Exercise details ▸
Give back the records that follow exactly, images excluded.

[Stored dataset items]
== Segment start ==
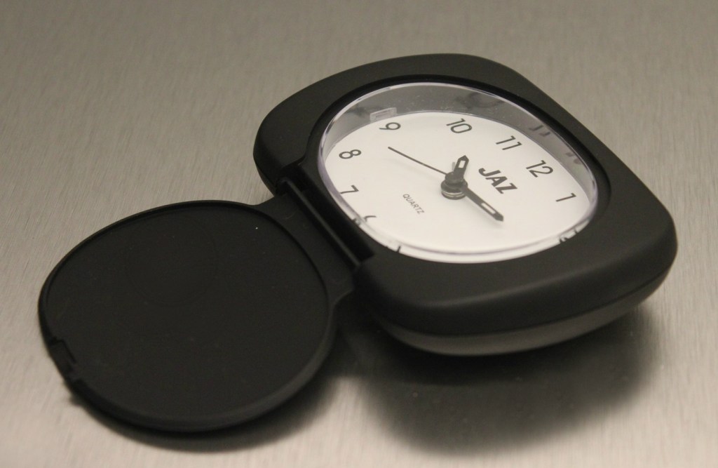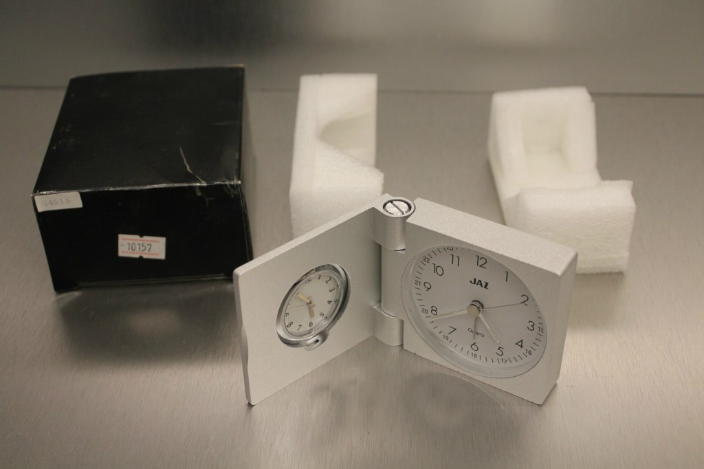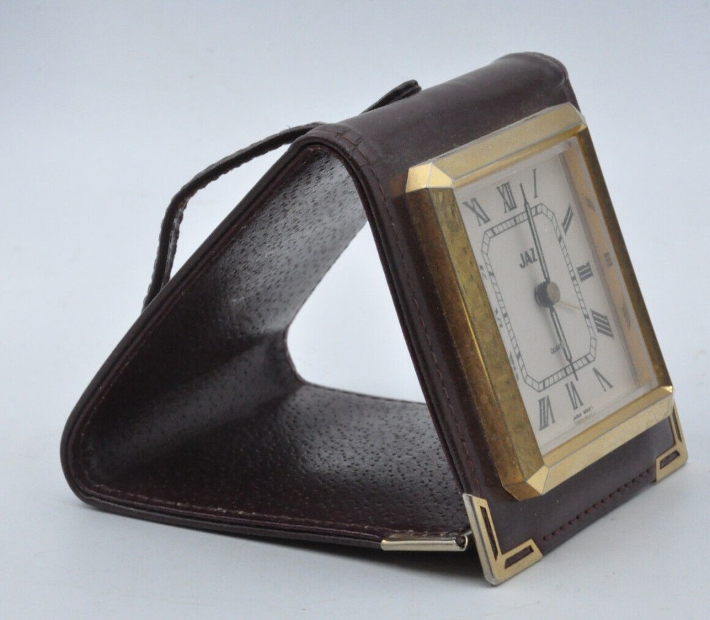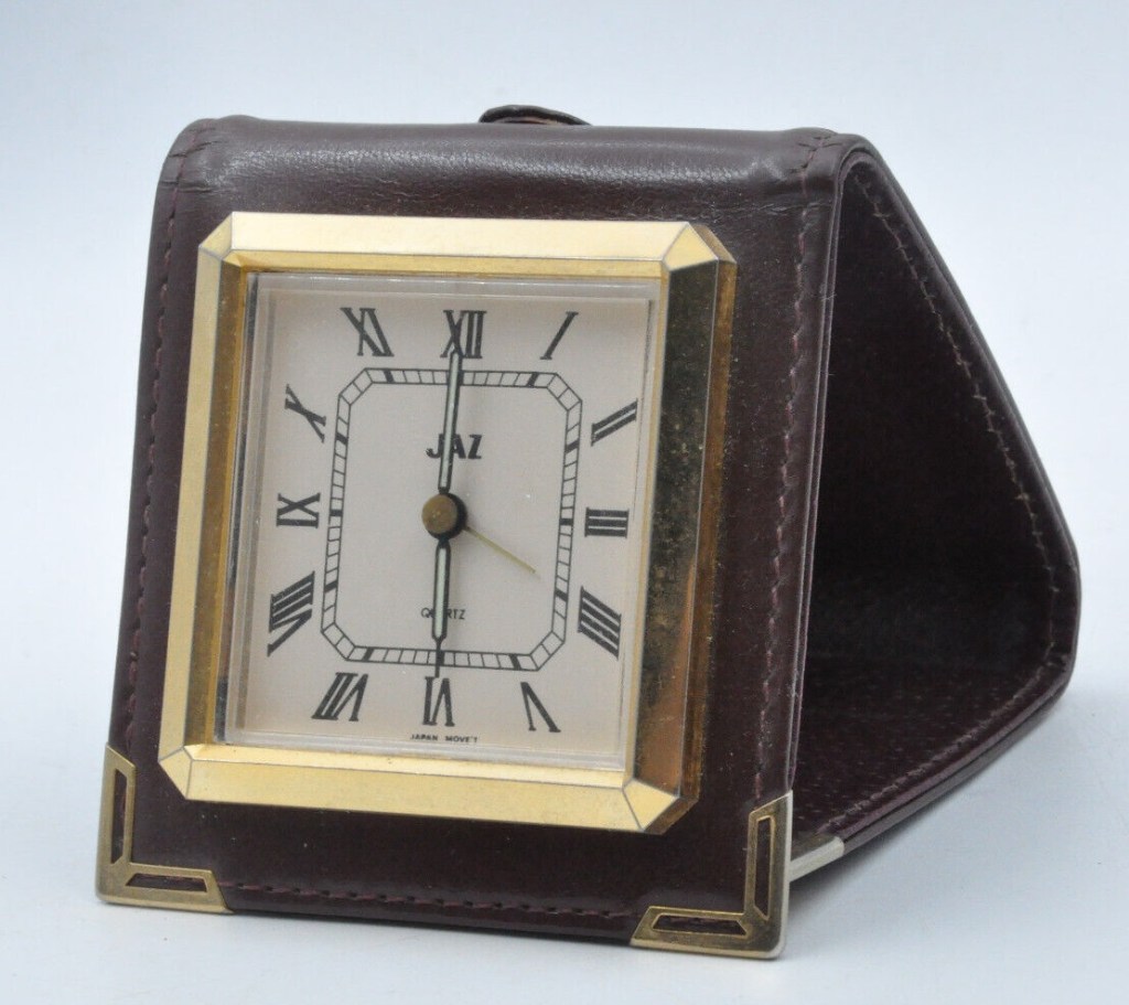 5416/5417 , réveil de voyage , cuir noir ou bordeaux véritable , chiffres romains , chemin de fer octogonal à l’intérieur de la zone des heures sonnerie simple , mouvement Tochigi Tokei made in Japan , pile LR44 ,format 8,5 x 8 cm, poids 109 gr . Présent au catalogue 1988/1989 page 19 uniquement.
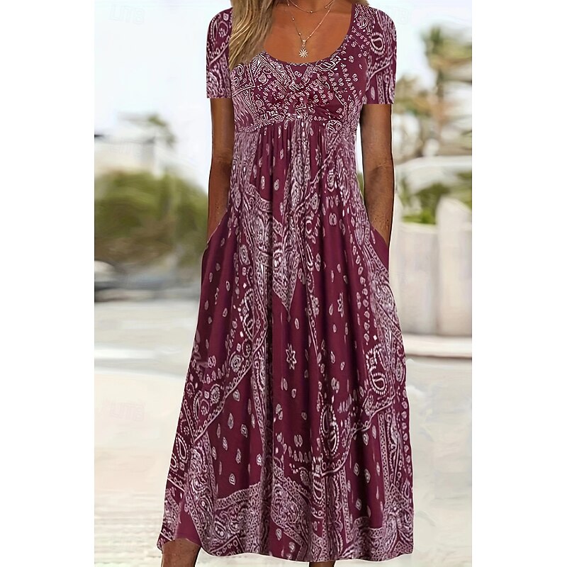 HOT ! Women's Midi Dress A Line Dress Summer Dress Casual Daily Regular Fit Paisley Short Sleeve Square Neck Pink Red Blue Gray Summer
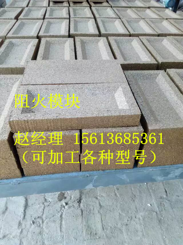 阻火模块 防火膨胀模块 产品特点: ①耐火时间长:由于采用的热膨胀防火技术,产品耐火时间长。经防火建筑材料监督检验中心检验,耐火时间达180min以上;经本公司实验室检测,耐火时间达300分钟以上,超过规定的3小时标准。 ②有效期长:由于采用无机膨胀材料和少量胶联材料,经加速老化试验证明,有效期可达15年以上。阻火包有效期一般为三年。 ③耐水、耐油性能好:试验证明,在水里、柴油里浸泡1年,产品无溶胀、变形、坍塌。 ④机械强度高、有弹性:由于采用有机高分子材料胶联、模压固化,实测抗压强度5.6MP,比标准(0.8MP)高6倍,是阻火包(0.05MP)的112倍。
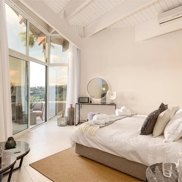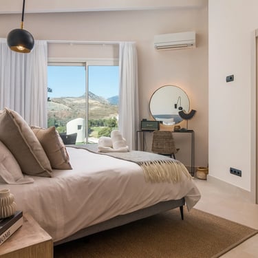 Fourteen en suite bedrooms are distributed across the main house and guest areas, offering flexible configurations for up to 34 guests. Many rooms enjoy sea or golf views, ensuring comfort, privacy and balanced group dynamics in Marbella.
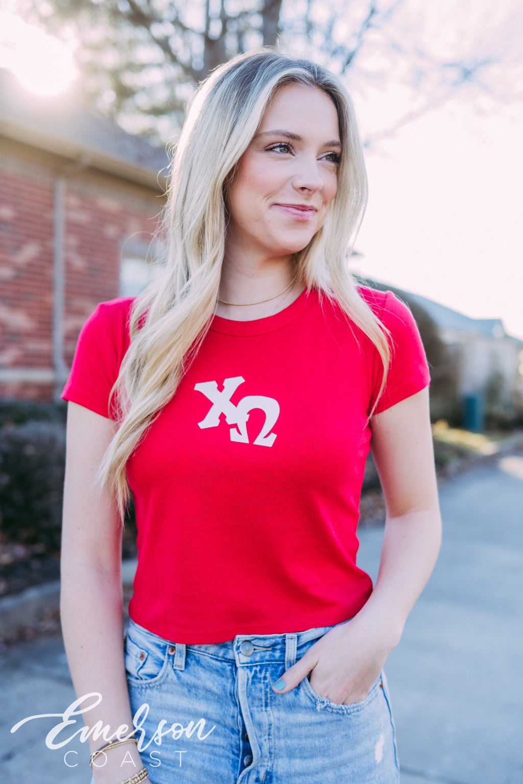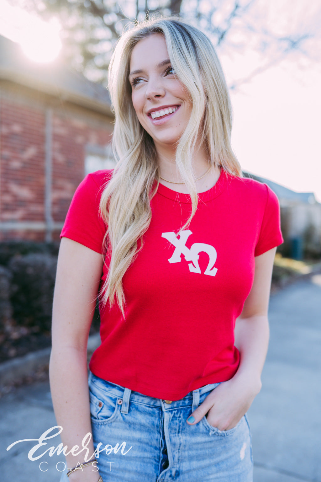 Pi Phi at Auburn made hearts melt with their white baby tees for Bid Day, featuring a sweet red heart and the phrase “I’m so happy we met.” A perfect, feel-good look to kick off sisterhood with major charm.
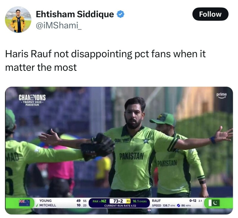 Meanwhile, here are some nice reactions to consume to celebrate Haris Rauf’s big wicket (swipe through to see them all).
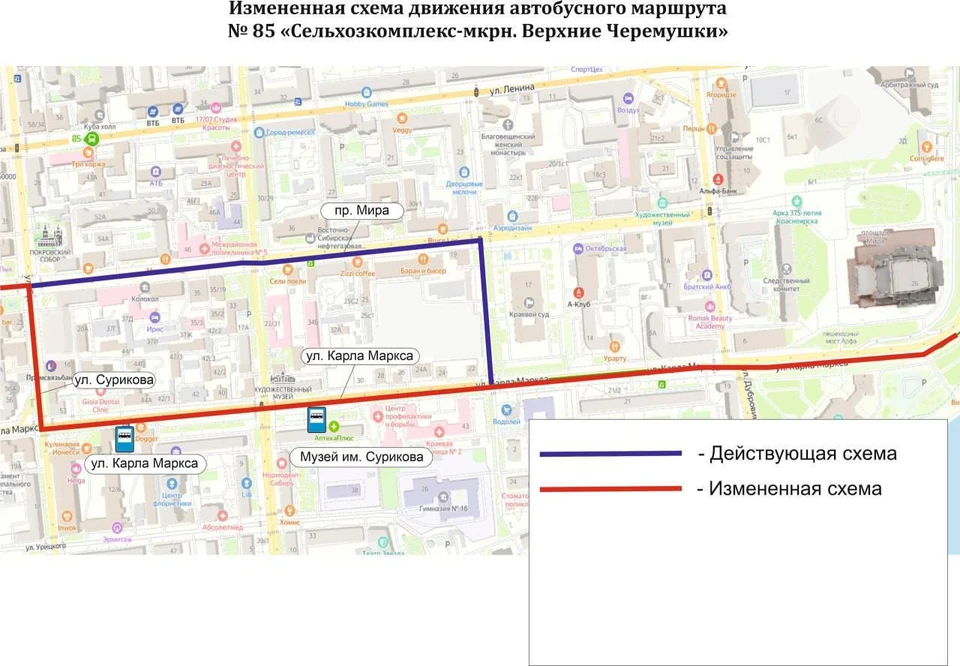 С 9 октября в историческом центре Красноярска временно изменили маршрут автобуса №85. Как сообщили в департаменте транспорта города, это связано с частичным перекрытием улицы 9 января из-за ремонта проезжей части.
== Segment end ==
Written solution ▸
 5416/5417 , réveil de voyage , cuir noir ou bordeaux véritable , chiffres romains , chemin de fer octogonal à l’intérieur de la zone des heures sonnerie simple , mouvement Tochigi Tokei made in Japan , pile LR44 ,format 8,5 x 8 cm, poids 109 gr . Présent au catalogue 1988/1989 page 19 uniquement.
 HOT ! Women's Midi Dress A Line Dress Summer Dress Casual Daily Regular Fit Paisley Short Sleeve Square Neck Pink Red Blue Gray Summer
 阻火模块 防火膨胀模块 产品特点: ①耐火时间长:由于采用的热膨胀防火技术,产品耐火时间长。经防火建筑材料监督检验中心检验,耐火时间达180min以上;经本公司实验室检测,耐火时间达300分钟以上,超过规定的3小时标准。 ②有效期长:由于采用无机膨胀材料和少量胶联材料,经加速老化试验证明,有效期可达15年以上。阻火包有效期一般为三年。 ③耐水、耐油性能好:试验证明,在水里、柴油里浸泡1年,产品无溶胀、变形、坍塌。 ④机械强度高、有弹性:由于采用有机高分子材料胶联、模压固化,实测抗压强度5.6MP,比标准(0.8MP)高6倍,是阻火包(0.05MP)的112倍。
 Fourteen en suite bedrooms are distributed across the main house and guest areas, offering flexible configurations for up to 34 guests. Many rooms enjoy sea or golf views, ensuring comfort, privacy and balanced group dynamics in Marbella.
 Pi Phi at Auburn made hearts melt with their white baby tees for Bid Day, featuring a sweet red heart and the phrase “I’m so happy we met.” A perfect, feel-good look to kick off sisterhood with major charm.
 Meanwhile, here are some nice reactions to consume to celebrate Haris Rauf’s big wicket (swipe through to see them all).
 С 9 октября в историческом центре Красноярска временно изменили маршрут автобуса №85. Как сообщили в департаменте транспорта города, это связано с частичным перекрытием улицы 9 января из-за ремонта проезжей части.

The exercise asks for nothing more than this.